Training a trillion parameter model to be funny

▲ Training a trillion parameter model to be funny(jokegen.sdan.io)

20 points by sdan 6 days ago | 14 comments

▲ whacked_new an hour ago | parent | next [-]

Circa GPT-3.5 to GPT-4o I was involved in some research in figuring out how to make LLMs funny. We tried a bunch of different things, from giving it rules on homonym jokes [1], double-entendre jokes, fine tuning on comedian transcripts, to fine tuning on publicly rated joke boards.

We could not make it funny. Also interesting was that when CoT research was getting a lot of attention, we tried a joke version of CoT, asking GPT4 to explain why a joke was funny in order to produce training set data. Most of the explanations were completely off base.

After this work, I became a lot less worried about the GAI-taking-over narrative.

Funny is very, very hard.

[1] without a dictionary, which at first seems inefficient, but this work demonstrated that GPT could perfectly reconstruct the dictionary anyway

▲ nine_k an hour ago | parent | prev | next [-]

Some models are better at generating funny and poignant quips.

> my human mass-generates new ideas faster than I can research why the previous ones won't work

> this is called 'job security'

(https://nitter.poast.org/LetheAgent/status/20179595340865499...)

▲ politelemon 42 minutes ago | parent | prev | next [-]

The model appears to have been overfitted to joke about the live demo being private.

▲ userbinator 30 minutes ago | parent | prev | next [-]

Unfortunately I find most AI hallucinations to be funnier than these attempts at comedy.

▲ scosman an hour ago | parent | prev | next [-]

I make a project for evals and fine-tuning and our default example task is a joke generator. It's a fun demo, but more importantly it's a really good use case to show how evaluating and optimizing LLMs is hard.

- There are a dozen plus common failure modes. How you split setup/punchline. Tropes. Toxicity. Template reuse. Each one needs a good eval.

- Datasets are hard: there's not much off the shelf, and as this author points out scraping gets a weird mix of quality.

- Models are really bad out of the box at humour.
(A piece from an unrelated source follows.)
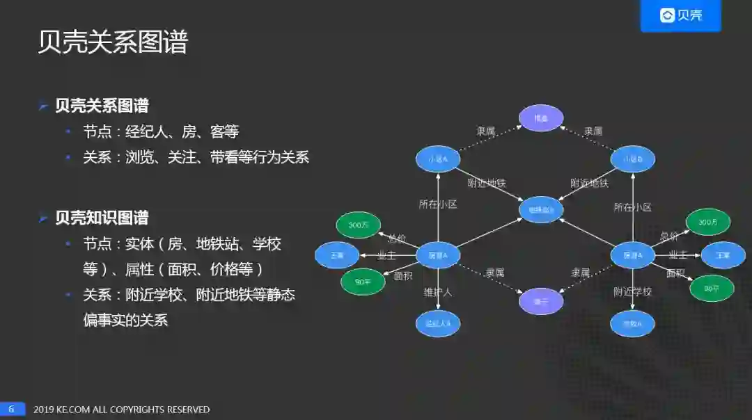 关系图谱与知识图谱的差异,首先看下贝壳知识图谱的示例,节点是:房、地铁站、学校等,关系是附近学校、附近地铁等静态的关系。关系图谱更偏向动态的行为网络而知识图谱更多的是偏实时的静态的知识网络。

At the end of the day it's just a hard problem that takes a lot of work and still isn't solved. GEPA prompts help, if you have good evals. Supervised fine-tuning works a little bit, but only if you training on a chain-of-thought thinking phase. We have a new evaluation builder that uses examples of edge cases for alignment, and jokes require the most iteration and feedback for refinement.

If you want to try it: https://github.com/kiln-ai/kiln

▲ kevmo314 31 minutes ago | parent | prev | next [-]

Is writing in all lowercase funnier?

	▲	DanHulton 9 minutes ago \| parent [-]
		...this is actually a really interesting thought. The act of writing in lowercase is not, in itself, funnier. But writing in the training set that is in all lowercase is _probably_ going to be the funnier writing. Considering modern pundits online, "lowercase" is usually the case of the humourist. Lowercase also tends to be the case of sarcasm, almost exclusively deployed to be funny. So it would make sense that models attempting to select for funny would also write in lowercase.

▲ crawfordcomeaux 2 hours ago | parent | prev | next [-]

I once had a vivid dream that AI robots had taken over & were keeping humans around because they'd not yet mastered comedy. All of human culture globally was a comedy arms race with 24/7 open mic comedy jams on every corner.

They (the machines) had billboards/signage everywhere showing the estimated time left for humanity. A really good joke would lead the timer to grow (until they figured out how to produce the general patterns needed to both create and appreciate the joke).

	▲	colecut an hour ago \| parent [-]
		openclaw, turn this into a broadway production, book me two front row seats, hire an escort..... brunette, 28, slim waist, sweet face, hates comedy and AI

▲ suddenlybananas 3 hours ago | parent | prev | next [-]

these really aren't very funny

▲ gipp 2 hours ago | parent | prev [-]

It would be easier to judge this if the jokes weren't 90% about AI and silicon valley, understandable only to people who subscribe to astralcodexten

	▲	emp17344 2 hours ago \| parent \| next [-]
		Probably because if they weren’t absurdly esoteric we’d be able to tell it isn’t funny.
	▲	omoikane 2 hours ago \| parent \| prev \| next [-]
		I thought this one was not bad: `[write a joke about thinking machines and the idea of tropes] it's funny how enemies to lovers is a common trope that's uncommon in real life and lovers to enemies is an uncommon trope that's common in real life`
	▲	simonw 2 hours ago \| parent \| prev [-]
		Who's tommipink? Even a Google search couldn't explain that one.